*Task statement*.
From the line that contains "De Philips EcoClassic halogeenlamp E14 42W helder is" down to the final line below, please repeat each line exactly and nothing more, with no pictures.

*Task inputs*.
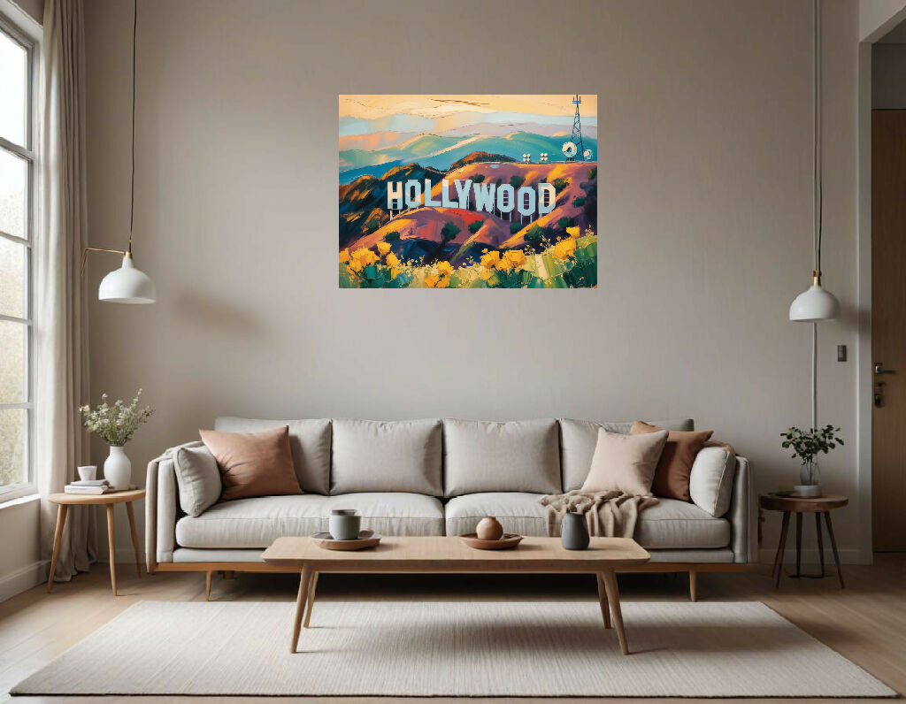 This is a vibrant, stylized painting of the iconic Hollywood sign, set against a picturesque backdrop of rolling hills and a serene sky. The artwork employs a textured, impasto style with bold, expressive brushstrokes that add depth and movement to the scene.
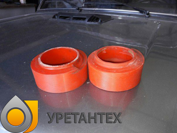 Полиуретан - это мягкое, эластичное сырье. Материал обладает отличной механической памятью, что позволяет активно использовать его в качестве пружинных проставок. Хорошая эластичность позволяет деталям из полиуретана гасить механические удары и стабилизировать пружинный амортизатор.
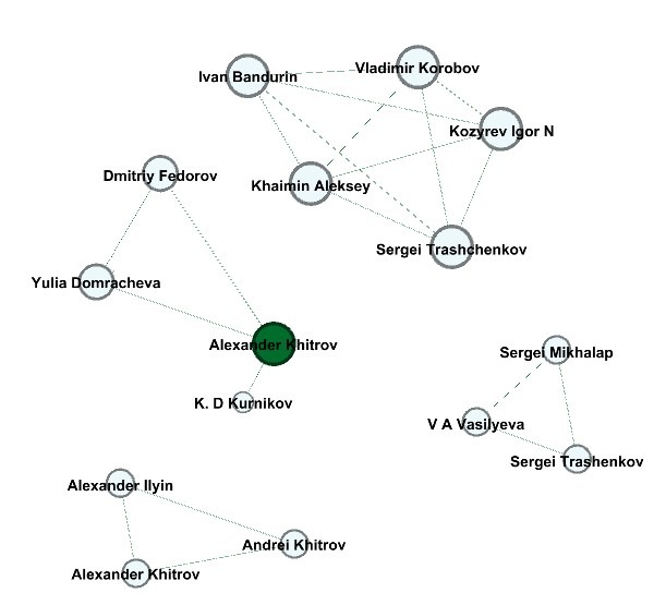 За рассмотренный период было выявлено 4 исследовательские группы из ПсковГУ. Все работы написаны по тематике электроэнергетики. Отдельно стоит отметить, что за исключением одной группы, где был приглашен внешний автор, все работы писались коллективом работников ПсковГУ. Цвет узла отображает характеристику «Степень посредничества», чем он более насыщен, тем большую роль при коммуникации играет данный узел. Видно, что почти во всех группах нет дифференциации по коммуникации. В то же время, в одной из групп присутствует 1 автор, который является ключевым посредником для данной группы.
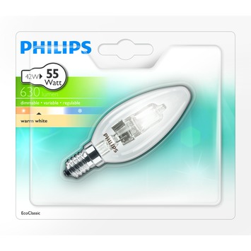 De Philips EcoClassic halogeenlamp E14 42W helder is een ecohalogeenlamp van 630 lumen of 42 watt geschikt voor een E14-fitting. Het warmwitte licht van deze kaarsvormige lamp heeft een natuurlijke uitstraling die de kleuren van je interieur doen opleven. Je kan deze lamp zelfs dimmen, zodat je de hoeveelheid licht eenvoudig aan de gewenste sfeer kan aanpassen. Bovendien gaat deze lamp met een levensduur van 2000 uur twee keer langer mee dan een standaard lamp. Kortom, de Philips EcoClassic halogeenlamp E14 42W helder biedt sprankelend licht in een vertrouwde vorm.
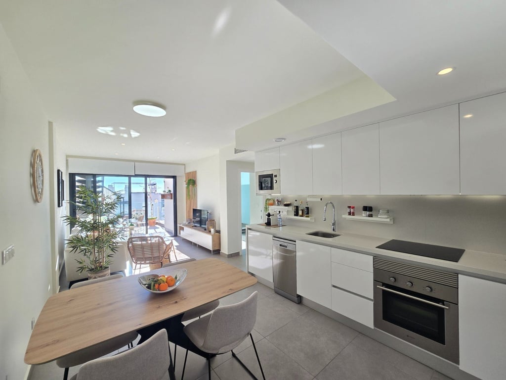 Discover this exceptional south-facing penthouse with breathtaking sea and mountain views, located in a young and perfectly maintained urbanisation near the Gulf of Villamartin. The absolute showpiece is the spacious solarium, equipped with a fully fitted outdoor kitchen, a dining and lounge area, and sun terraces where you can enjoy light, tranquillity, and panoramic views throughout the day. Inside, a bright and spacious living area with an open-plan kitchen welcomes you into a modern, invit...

*Exercise output*.
 De Philips EcoClassic halogeenlamp E14 42W helder is een ecohalogeenlamp van 630 lumen of 42 watt geschikt voor een E14-fitting. Het warmwitte licht van deze kaarsvormige lamp heeft een natuurlijke uitstraling die de kleuren van je interieur doen opleven. Je kan deze lamp zelfs dimmen, zodat je de hoeveelheid licht eenvoudig aan de gewenste sfeer kan aanpassen. Bovendien gaat deze lamp met een levensduur van 2000 uur twee keer langer mee dan een standaard lamp. Kortom, de Philips EcoClassic halogeenlamp E14 42W helder biedt sprankelend licht in een vertrouwde vorm.
 Discover this exceptional south-facing penthouse with breathtaking sea and mountain views, located in a young and perfectly maintained urbanisation near the Gulf of Villamartin. The absolute showpiece is the spacious solarium, equipped with a fully fitted outdoor kitchen, a dining and lounge area, and sun terraces where you can enjoy light, tranquillity, and panoramic views throughout the day. Inside, a bright and spacious living area with an open-plan kitchen welcomes you into a modern, invit...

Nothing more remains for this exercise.